Your task » Nothing but the lines from the one showing "Slavnostní zapálení čarodějnice" through the final line of the data below belongs in the answer, duplicated exactly and without pictures.

Listed records »
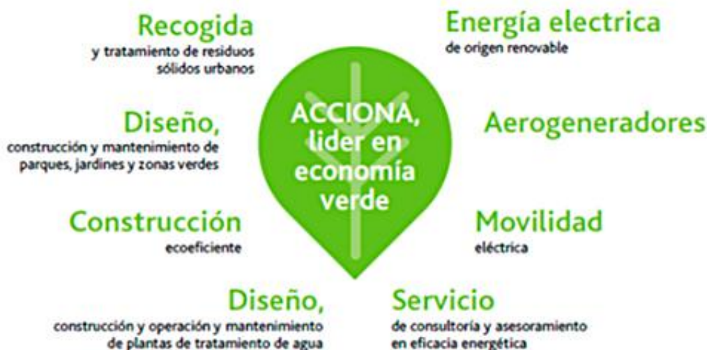
IMAGEN Nº 4: PLAN ECONOMÍA VERDE. www.accion.es
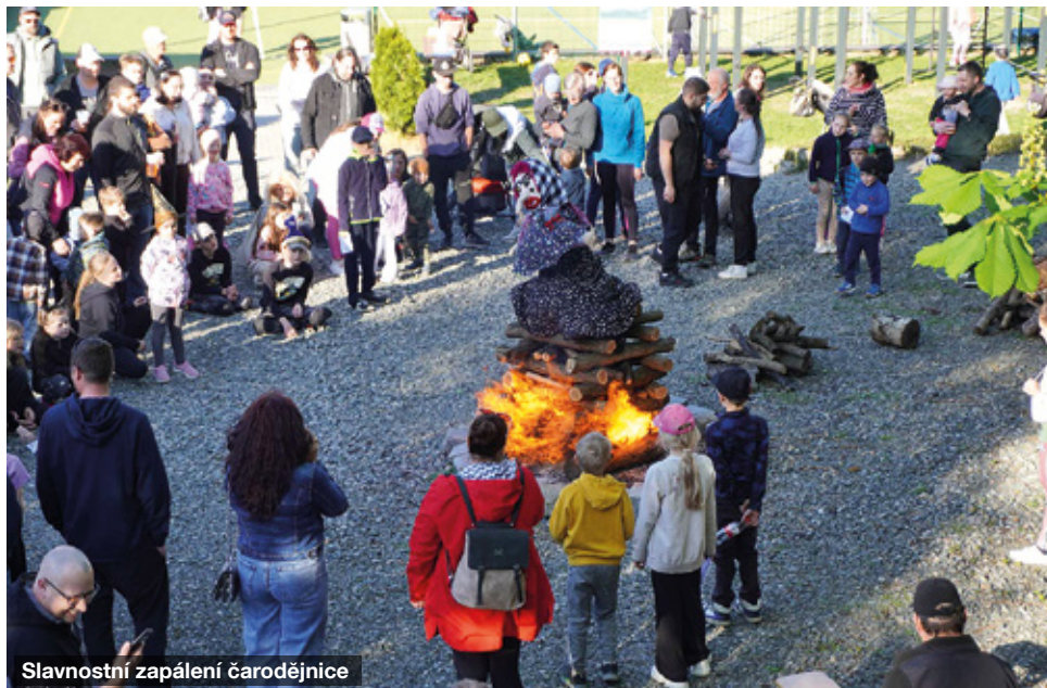
Slavnostní zapálení čarodějnice
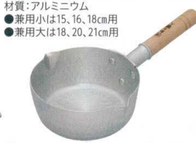
⑦ アルミ 深型 ゆきひら鍋
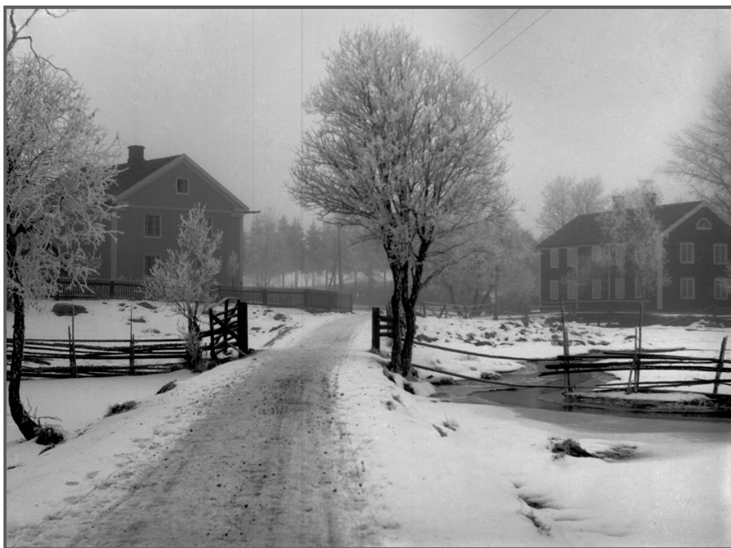
Lanthandeln till vänster och kommunalhuset till höger början av 1900-talet infarten från Tönhultshållet
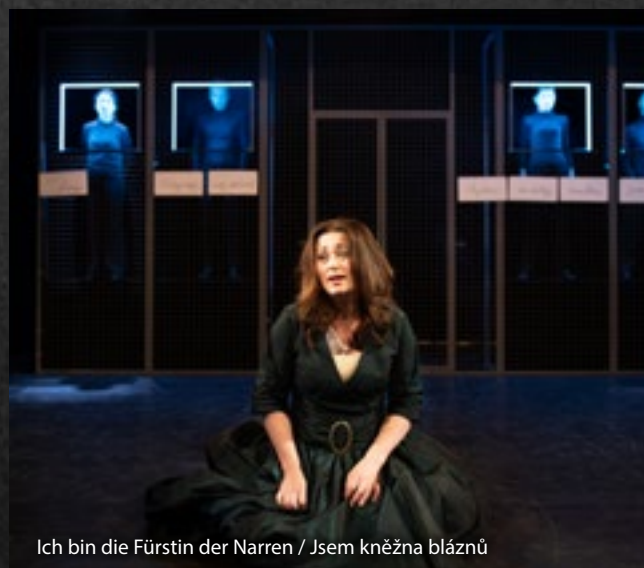
Ich bin die Fürstin der Narren / Jsem kněžna bláznů
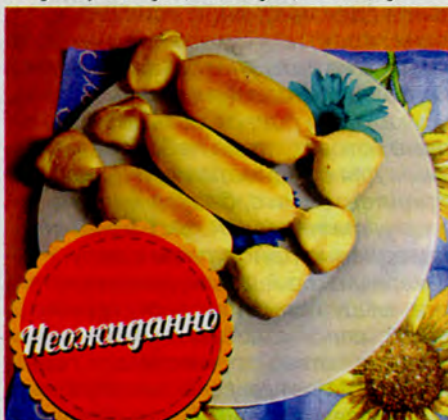
Вера ВОЛОХ, г. Североморск.

• 1 ст. молока • 20 г сухих дрожжей • 4 ст. муки • яйцо • соль • растительное масло. Для начинки: • филе горбуши или другой рыбы • соль. Дрожжи соединяю с мукой и солью, вливаю теплое молоко, перемешиваю и даю опаре постоять 15 мин. Вбиваю яйцо и тщательно вымешиваю тесто. На присыпанной мукой поверхности раскатываю тонкий пласт, разрезаю на квадраты. Филе рыбы нарезаю небольшими кусочками, солю и кладу понемногу в центр каждого квадрата. Формую пирожки в виде конфеток и выпекаю на смазанном маслом противне до готовности.
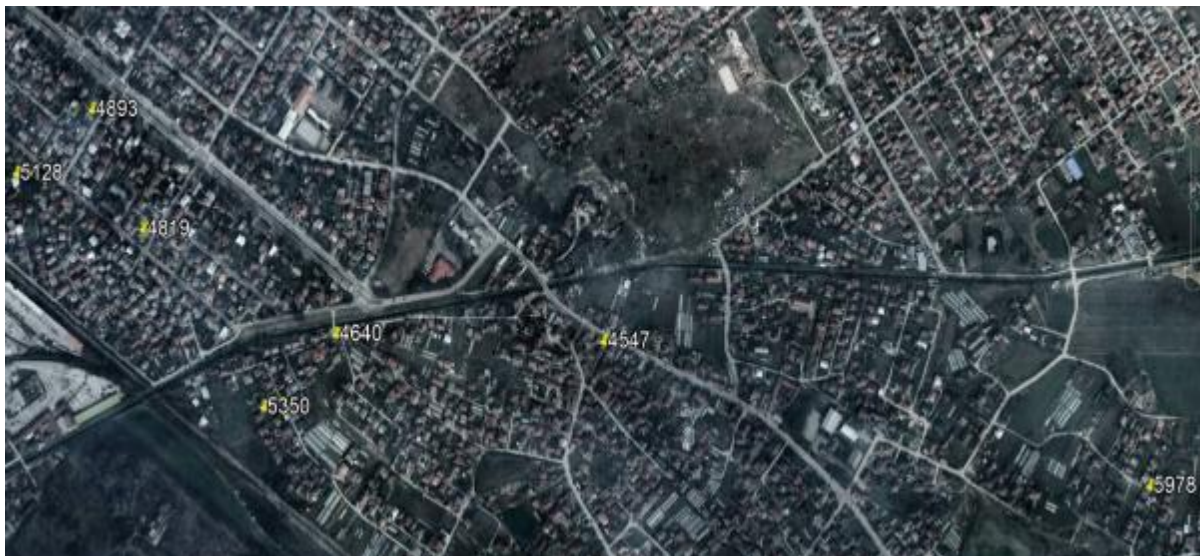
Слика 2 - Локација на објектите од ЛОТ 2 - Google Earth

Локацијата на објектите од ЛОТ 2 по Катастерска Парцела се прикажани на сликата 2 подолу.
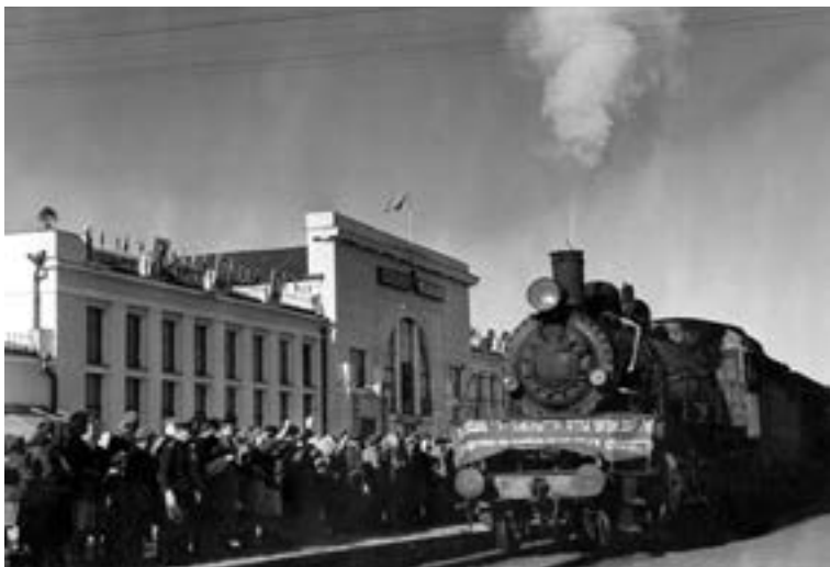
Встреча переселенцев на железнодорожном вокзале г. Биробиджана.

Answer space »
Slavnostní zapálení čarodějnice
⑦ アルミ 深型 ゆきひら鍋
Lanthandeln till vänster och kommunalhuset till höger början av 1900-talet infarten från Tönhultshållet
Ich bin die Fürstin der Narren / Jsem kněžna bláznů
Вера ВОЛОХ, г. Североморск.

• 1 ст. молока • 20 г сухих дрожжей • 4 ст. муки • яйцо • соль • растительное масло. Для начинки: • филе горбуши или другой рыбы • соль. Дрожжи соединяю с мукой и солью, вливаю теплое молоко, перемешиваю и даю опаре постоять 15 мин. Вбиваю яйцо и тщательно вымешиваю тесто. На присыпанной мукой поверхности раскатываю тонкий пласт, разрезаю на квадраты. Филе рыбы нарезаю небольшими кусочками, солю и кладу понемногу в центр каждого квадрата. Формую пирожки в виде конфеток и выпекаю на смазанном маслом противне до готовности.
Слика 2 - Локација на објектите од ЛОТ 2 - Google Earth

Локацијата на објектите од ЛОТ 2 по Катастерска Парцела се прикажани на сликата 2 подолу.
Встреча переселенцев на железнодорожном вокзале г. Биробиджана.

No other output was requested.